Source data:
§ §
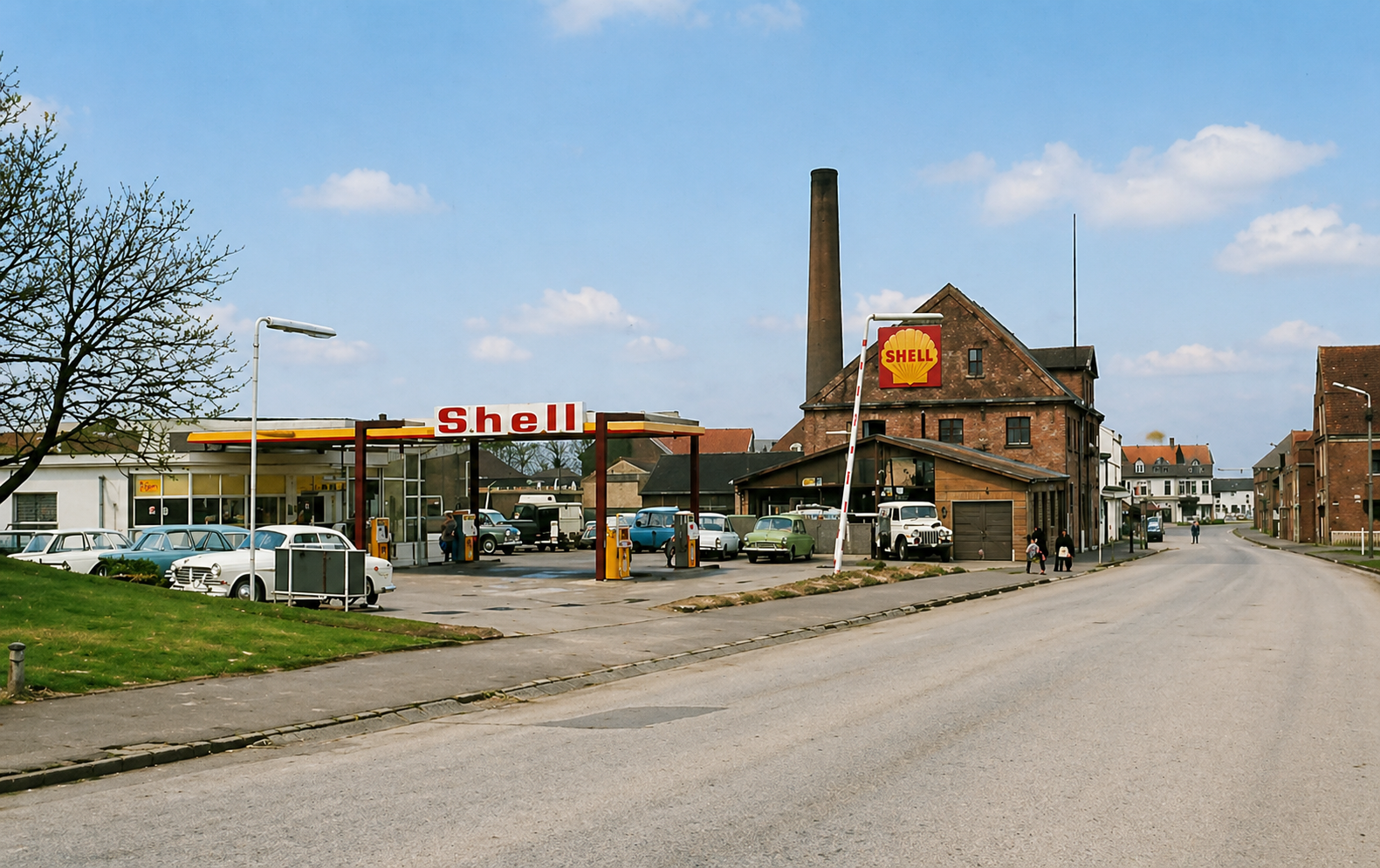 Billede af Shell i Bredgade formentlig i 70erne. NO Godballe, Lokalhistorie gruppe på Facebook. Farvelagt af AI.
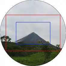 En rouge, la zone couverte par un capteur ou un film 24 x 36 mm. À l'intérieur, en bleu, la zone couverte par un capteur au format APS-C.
§ §
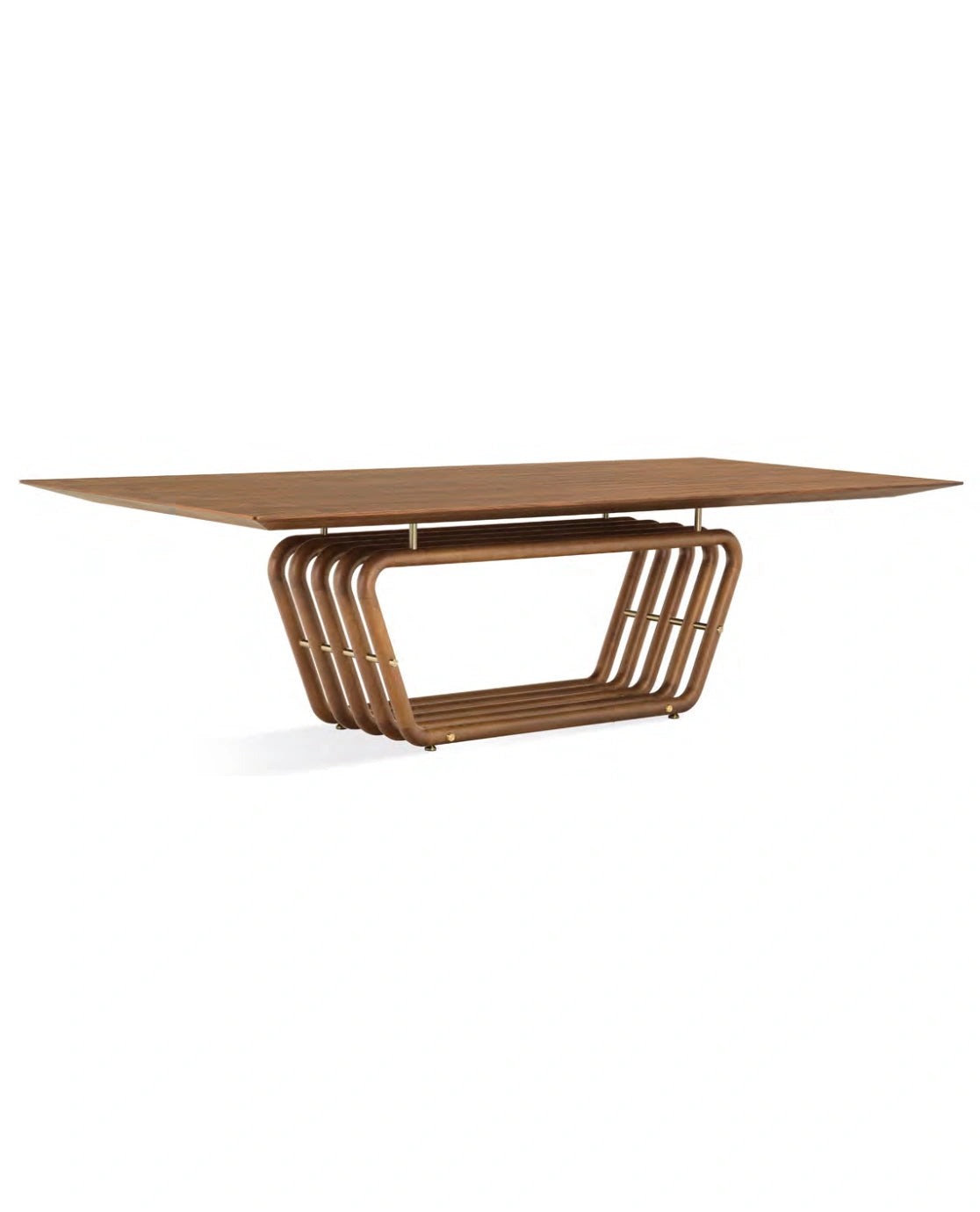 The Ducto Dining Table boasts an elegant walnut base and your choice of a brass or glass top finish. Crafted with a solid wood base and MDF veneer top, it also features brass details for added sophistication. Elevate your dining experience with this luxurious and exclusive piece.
§ §
Required action:
Nothing but the lines from the one with "Billede af Shell" to the one with "En rouge, la" above, both included, should be transcribed, exactly and without pictures.

Task result:
 Billede af Shell i Bredgade formentlig i 70erne. NO Godballe, Lokalhistorie gruppe på Facebook. Farvelagt af AI.
 En rouge, la zone couverte par un capteur ou un film 24 x 36 mm. À l'intérieur, en bleu, la zone couverte par un capteur au format APS-C.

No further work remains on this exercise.